Transfect myofiber associated muscle stem cells four hours after myofiber isolation. Combine 25 microliters of Opti-MEM with the respective volume of siRNA with 25 microliters Opti-MEM containing 1.5 microliters of transfection reagent. Incubate the reaction mix for five minutes and add it to the cells in the 24 well plate.
Then incubate the plate at 37 degrees Celsius for the respect of time. Only critical steps of the immunofluorescent staining protocol are demonstrated here. Carefully, discard the myofiber culture medium while leaving some solution in the well.
Add 500 microliters of 2%paraformaldehyde to fix the myofibers with their adjacent muscle stem cells. Incubate the plate for five minutes at room temperature. Remove the supernatant carefully and wash the myofibers three times with PBS.
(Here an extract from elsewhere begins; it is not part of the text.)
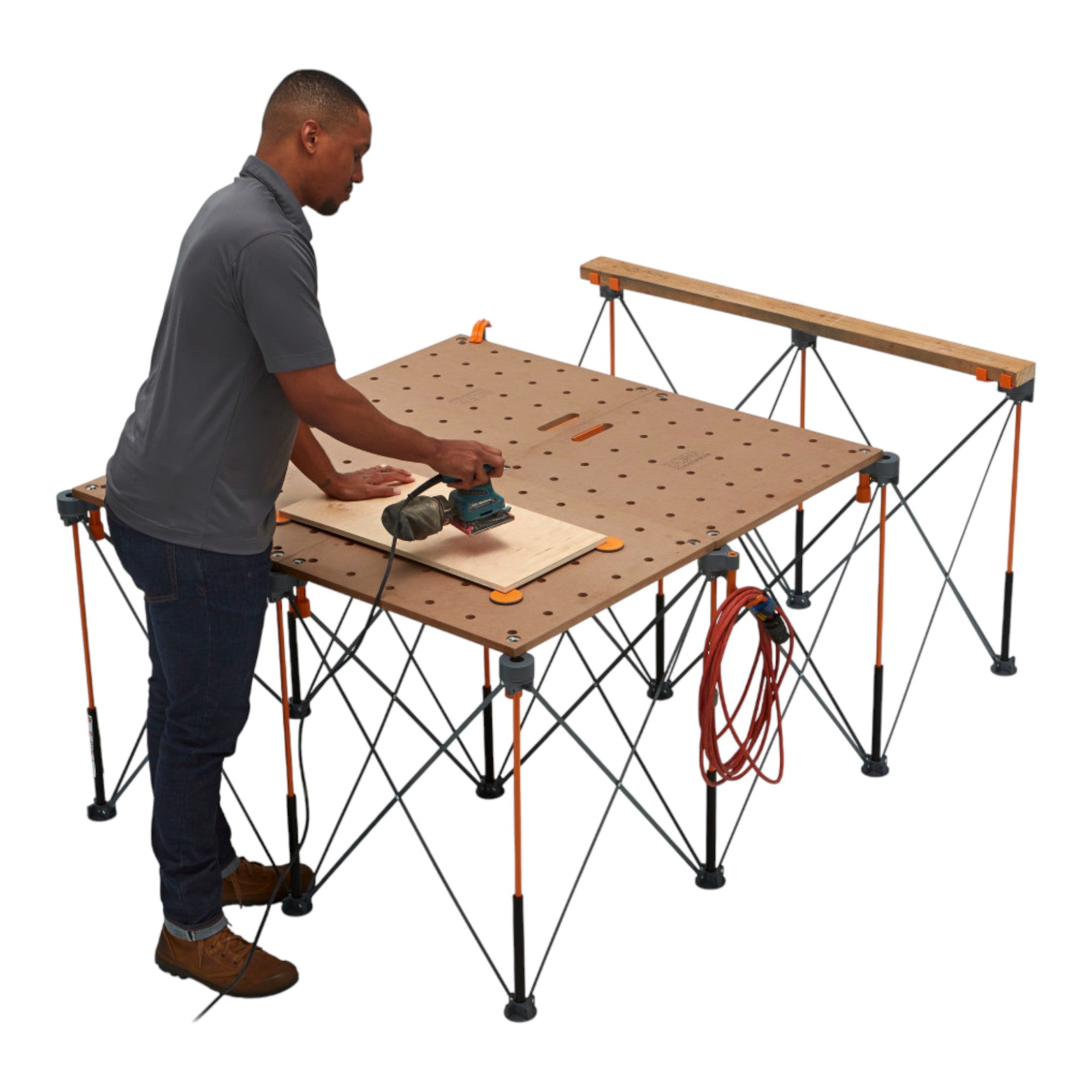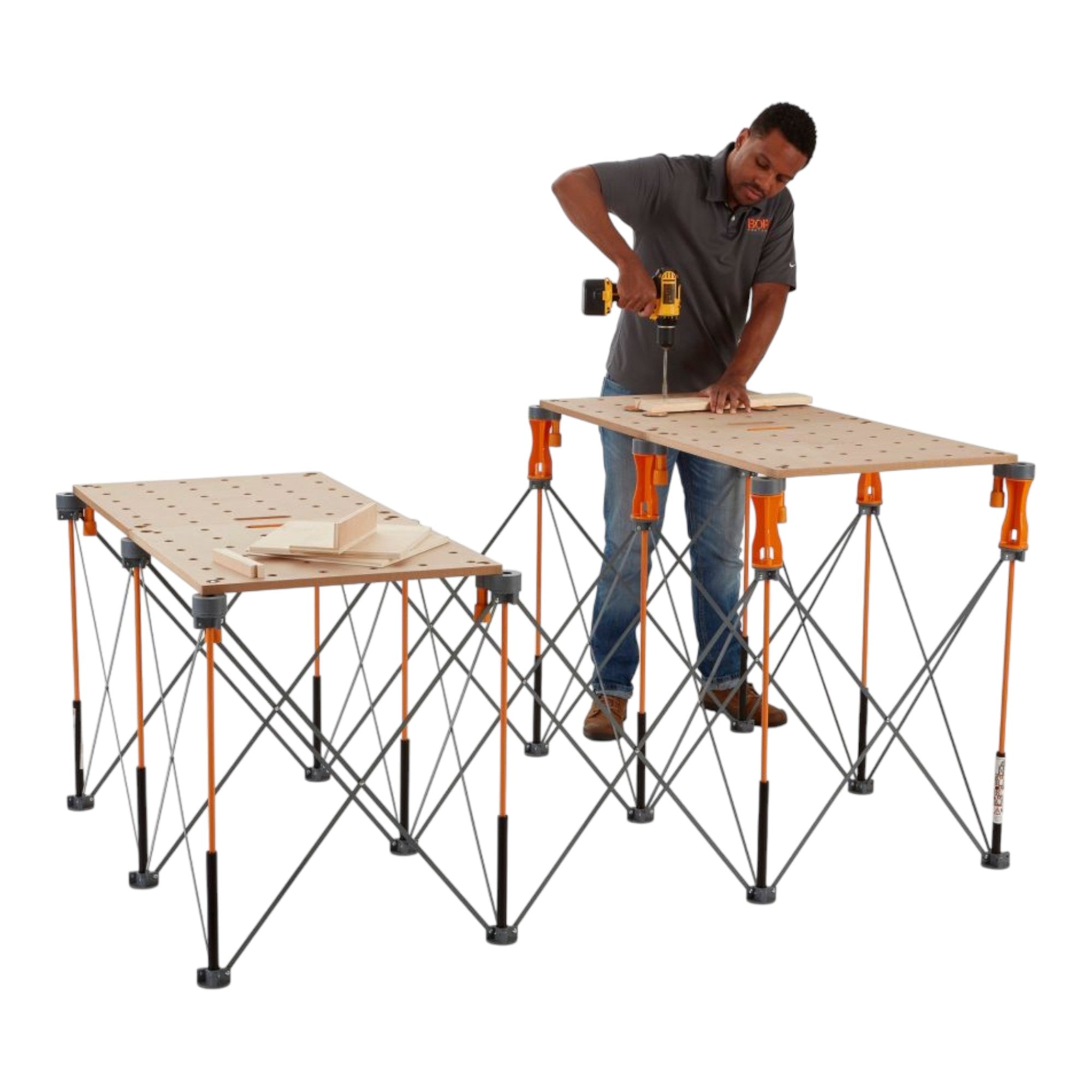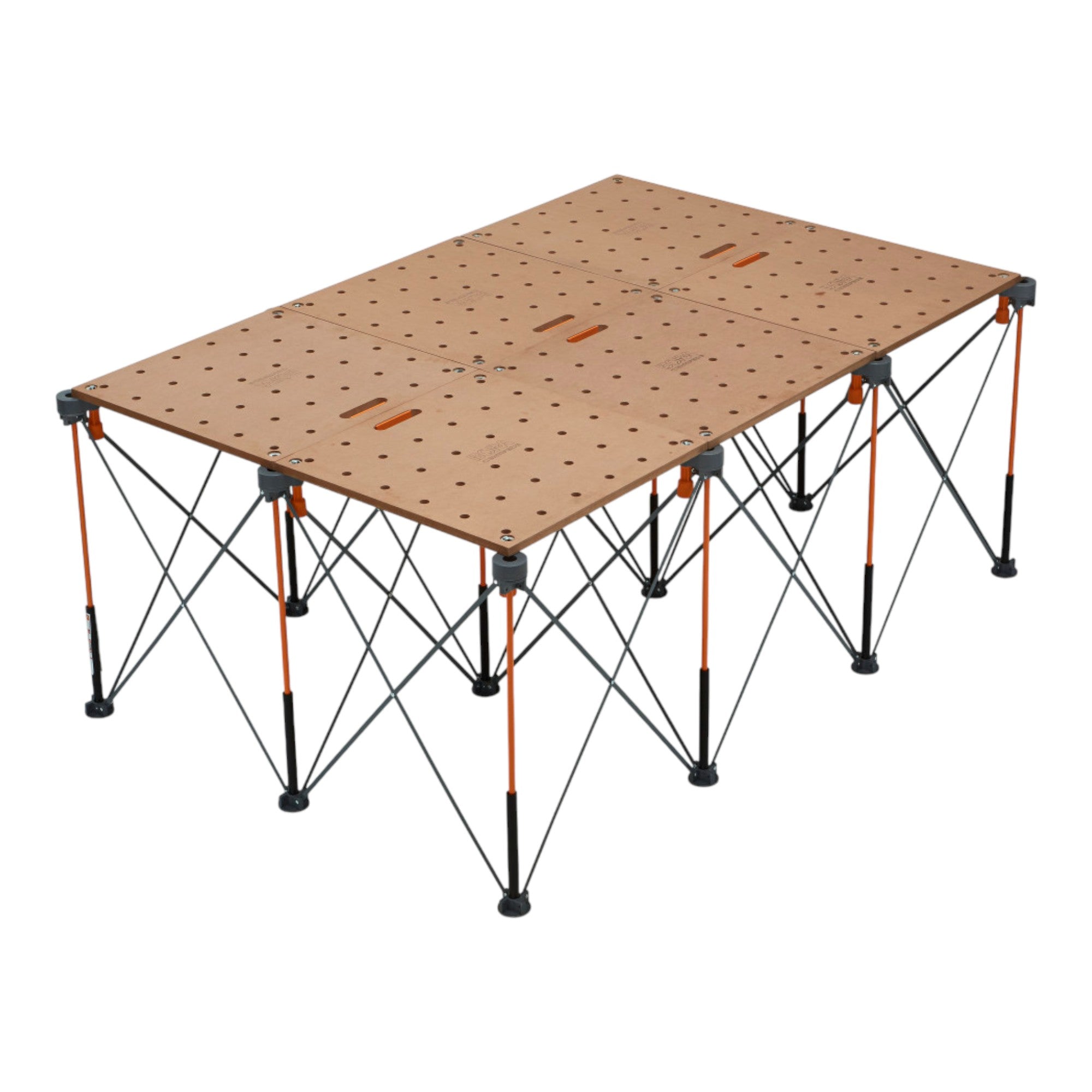 Il telaio BORA Centipede CK12S può essere aperto in pochi secondi senza attrezzi per formare una postazione di lavoro di 122 x 183 cm e, grazie ai suoi resistenti montanti in acciaio, offre una capacità di carico impressionante fino a 2040 kg, rendendolo ideale per progetti impegnativi in cantiere o nel settore del fai da te. I P-Top non marcanti e ruotabili a 360° proteggono il pezzo da lavorare e consentono l'utilizzo di morsetti, X-Cup e altri accessori Centipede, mentre il versatile sistema di bloccaggio offre una presa sicura per i materiali. Nonostante la sua robustezza, il telaio è leggero, mobile e pieghevole in dimensioni compatte di 22,86 cm x 27,94 cm x 96,52 cm, in modo da poter essere comodamente trasportato e riposto nella borsa di trasporto in dotazione. Posizionando un pannello di compensato, MDF o un piano di lavoro, si ottiene in un attimo una superficie di lavoro stabile e flessibile per tagliare, montare o incollare, rendendo il CK12S un banco da lavoro affidabile e versatile per artigiani, falegnami e appassionati del fai da te.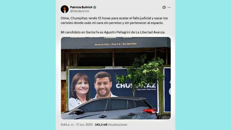 Según confirmó la propia ministra en su cuenta personal de X, la Justicia falló a favor de la demanda del partido libertario. “Oíme, Chumpitaz: tenés 12 horas para acatar el fallo judicial y sacar los carteles donde usás mi cara sin permiso y sin pertenecer al espacio”, instó la funcionaria en su publicación. De la misma manera, la candidata a senadora nacional por la Ciudad de Buenos Aires aclaró: “Mi candidato en Santa Fe es Agustín Pellegrini de La Libertad Avanza”.

Cover the plate with tinfoil during incubation steps after the incubation with secondary antibodies. Use a hydrophobic pen to draw a circle on a microscopic glass slide. Then transfer the myofibers in the smallest volume possible to the slide and disperse them.
Remove the residual liquid with the small bore pasteur pipette or a 200 microliter pipette. Use two drops of aqueous mounting medium and cover the myofibers with a cover slip. Then allow the slides to dry and store them at four degrees celsius in the dark followed by microscopic analysis.
This protocol demonstrates derivation and culture of single myofibers from murine EDL muscles. Immunofluorescent staining for Pax7 was used to identify nuclei of muscle stem cells. The magnified area exposes the myofiber with its adjacent muscle stem cell and demonstrates the PAX7 immunofluorescence signal in the nucleus of a muscle stem cell.
Muscle stem cells myogenic progression can be analyzed by marker expression. Presence of Pax7 and absence of MyoD expression is associated with quiescent muscle stem cells of freshly isolated myofibers. MyoD expression can be observed in proliferating muscle stem cells.
After 72 hours, muscle stem cells form clusters of progenies with different myogenic states, which is paralleled by expression of different myogenic markers. Pax7 only cells are self-renewing stem cells. Pax7 and MyoD double positive cells are proliferating.
Whereas myo D only cells are differentiating cells. The siRNA transfection of muscle stem cells showed accumulation of cytoplasmic siRNA in a granular fashion indicating efficient uptake. Quantification of transfected Pax7 positive cells per myofiber revealed that the number of transfected cells increased up to 74%after 30 hours with no adverse effect on muscle stem cell numbers.
When attempting this protocol, it is of utmost importance to carefully dissect the EDL without causing any damage. In addition to siRNA transfection, the analysis of transgenic animals or the incubation with recombinant proteins is possible for further functional analyses of muscle stem cells on their adjacent myofibers.